Long popular in Asia, floating solar catches on in US
A lesser-known form of solar power that has several advantages over the traditional kind is gaining traction
When Joe Seaman, the city planner for the working class town of Cohoes, New York, Googled the term “floating solar,” he didn’t even know it was a thing. What he did know is that his tiny town needed an affordable way to get electricity and had no extra land. But looking at a map, one feature stood out, he said. “We have this 14-acre water reservoir.”
Seaman soon found the reservoir could hold enough solar panels to power all the municipal buildings and streetlights, saving the city more than $500,000 each year. He had stumbled upon a form of clean energy that is steeply ramping up. Floating solar panel systems are beginning to boom in the United States after rapid growth in Asia. They're attractive not just for their clean power and lack of a land footprint, but because they also conserve water by preventing evaporation.

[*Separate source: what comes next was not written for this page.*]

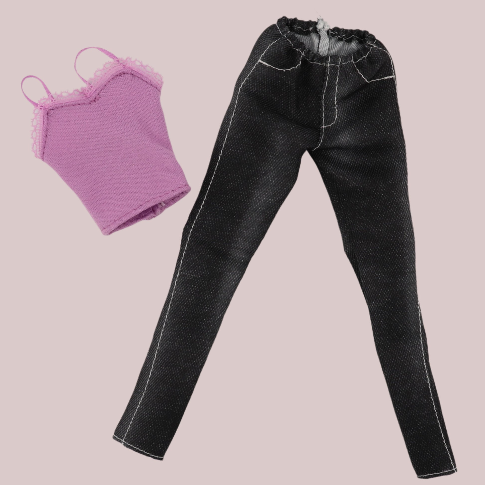 This outfit is adorable on any Barbie. Purple Cami and long skinny jeans make Barbie look like the model she is.

A study published in the journal Nature Sustainability in March found that thousands of cities -- more than 6,000 in 124 countries -- could generate an amount equal to all their electricity demand using floating solar, making it a climate solution to be taken seriously. In the process, they could save roughly enough water each year to fill 40 million Olympic-sized swimming pools.
Zhenzhong Zeng, a contributor on that study and associate professor at the Southern University of Science and Technology in Shenzhen, China, said in the United States, counties across Florida, Nevada, and California have the potential to generate more power than they use. Of course, they would need a mix of energy to actually provide power all hours of the day, Zeng said.